Há uma simplicidade em cena que recusa a lógica capitalista do produto, da produtividade. As diferenças de performance entre os atores atestam também essa outra configuração, na qual o desempenho não é valor excludente – oposta ao regime meritocrata, faz do palco um espaço comum para corpos distintos. A dramaturgia é fragmentada e dispersa, agrega cenas de uma ópera-rap sobre um homem cego cujas posses são furtadas na cidade (antecipando o próximo espetáculo do grupo, “O Homem Vazio na Selva da Cidade”) a discursos políticos diretos e à fábula absurda do prefeito cujos decretos são cada vez mais disparatados, unindo leis imaginárias (de hoje em diante, arroz vira feijão) a reais (a “cláusula 8” proibindo artistas da livre expressão política durante a Virada Cultural), numa aproximação alegórica pronta a reafirmar a máxima de que o realismo fantástico, na América Latina, é apenas realismo – o que nossa política teima em corroborar.
Da ópera-rap ao canto de “Brasil, Mostra sua Cara”, cuja letra escancara a “atualidade” dos anos 1980, e ao manifesto festivo que abre o espetáculo, em alusão a ações estético-políticas como o carnaval de rua e a Praia da Estação, a música entra como discurso político e poético que endereça uma crítica social e conquista adesão de um público amplo. O teatro da ZAP 18 rechaça elitismos. Coloca em cena os cidadãos e cidadãs que vivem “no andar de baixo”, marginalizados, aqueles que estão fora do “comum”, ao mesmo tempo que se constitui em linguagem acessível e forjada no didatismo para se comunicar com um grupo mais amplo de espectadores.
A construção dramatúrgica multifacetada abre-se à interpretação mais livre por parte do público, especialmente quanto às conexões possíveis entre as partes. Sem um sentido de totalidade, emergem desejos e desafios. A mim, sobressaiu a fala de uma atriz sobre a igualdade ser, na verdade, escravidão, por não dar espaço às liberdades individuais – à qual compreendi como uma crítica que opera por inversão: numa sociedade em que a liberdade se confunde com o liberalismo individualista do cada um por si, perde-se a noção de liberdade coletiva como aquela só possível perante a igualdade de oportunidades para indivíduos inevitavelmente diferentes. O convite à reflexão crítica por parte do espectador se concretiza.

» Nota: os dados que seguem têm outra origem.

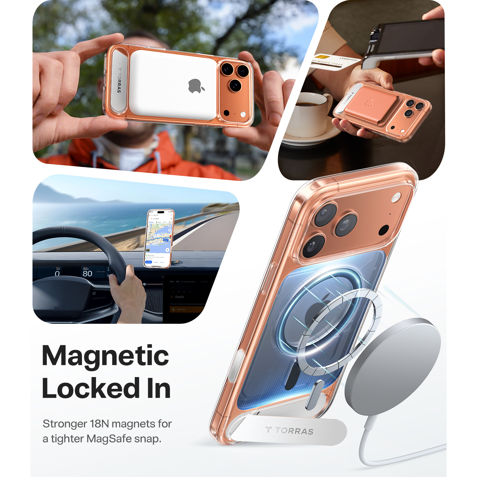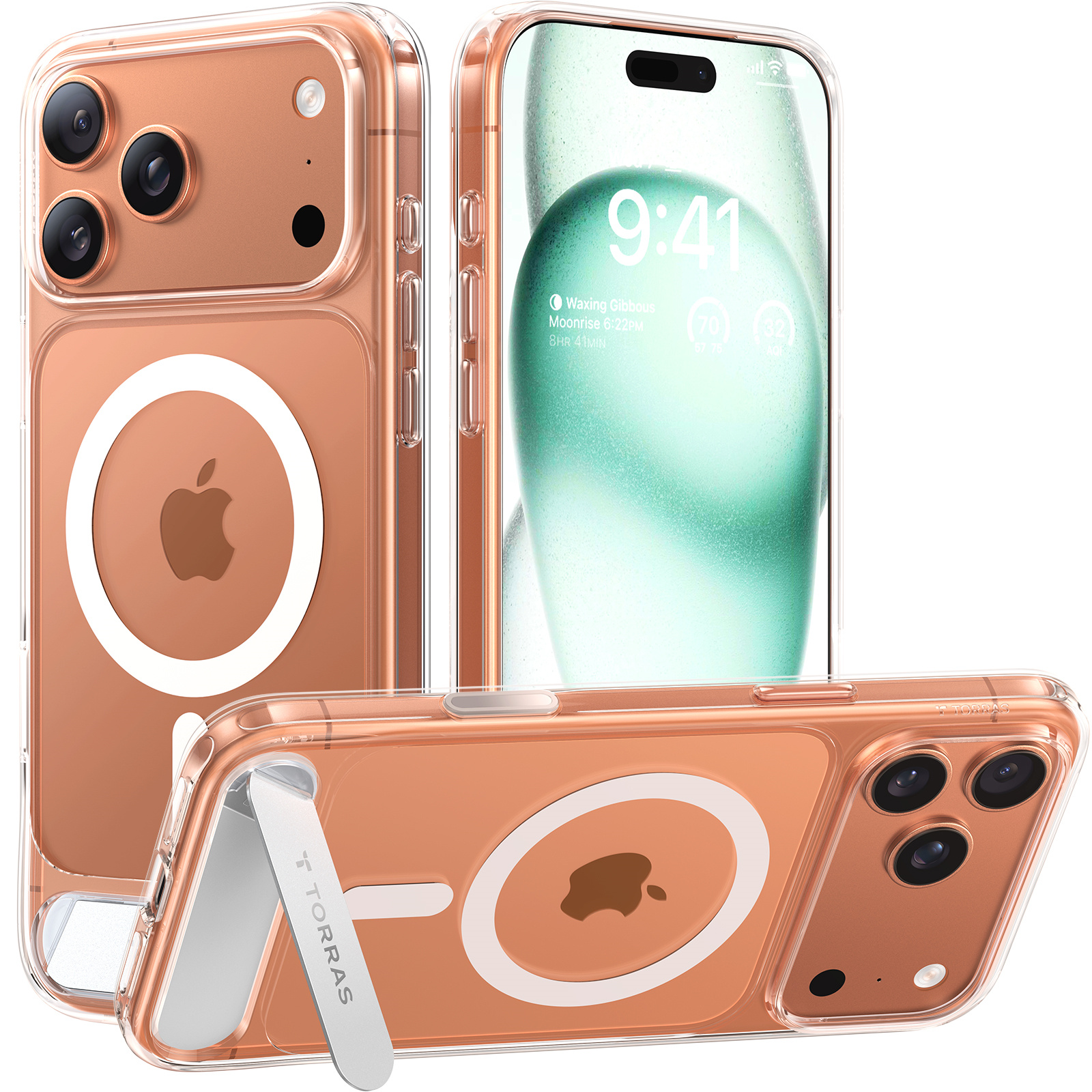 Torras iPhone 17 Pro Max (6.9") 2025 Pstand Case - Clear Full Camera Control Button Coverage - Adjustable Kickstand - Fit for MagSafe - Military Grade Drop Protection - Slim

A experiência proporcionada pelo espetáculo diz respeito, portanto, ao processo de subjetivação política, a dar a ver que cada sujeito é um agente político na sociedade – daí a interpelação do título. A dramaturgia aberta, irredutível a um entendimento linear, age sobre a percepção de que a igualdade dos sujeitos e a justiça social estão por ser conquistadas. Um apelo à crítica e à ação. A pensarmos juntos: como?
A pergunta do título ecoa sobre os sentidos possíveis de se atribuir à obra. O próprio ato de se questionar é o que move os sujeitos. A resposta provisória, mais que isso, a resposta-semente plantada pela ZAP 18 é: união. Pela copresença dos corpos no mesmo espaço, pela união das ideias e das forças, pela conciliação, pela refutação do niilismo e do ceticismo, pelo combate à inércia. Um coletivo que se une para se interrogar e buscar respostas, que se une para propor, criar, agir, construir. Assumir sua parcela de responsabilidade. Colocar o mundo em movimento. Encontrar novas formas de configurar a sociedade pela revisão do passado, pela reflexão crítica e pela potência coletiva de luta.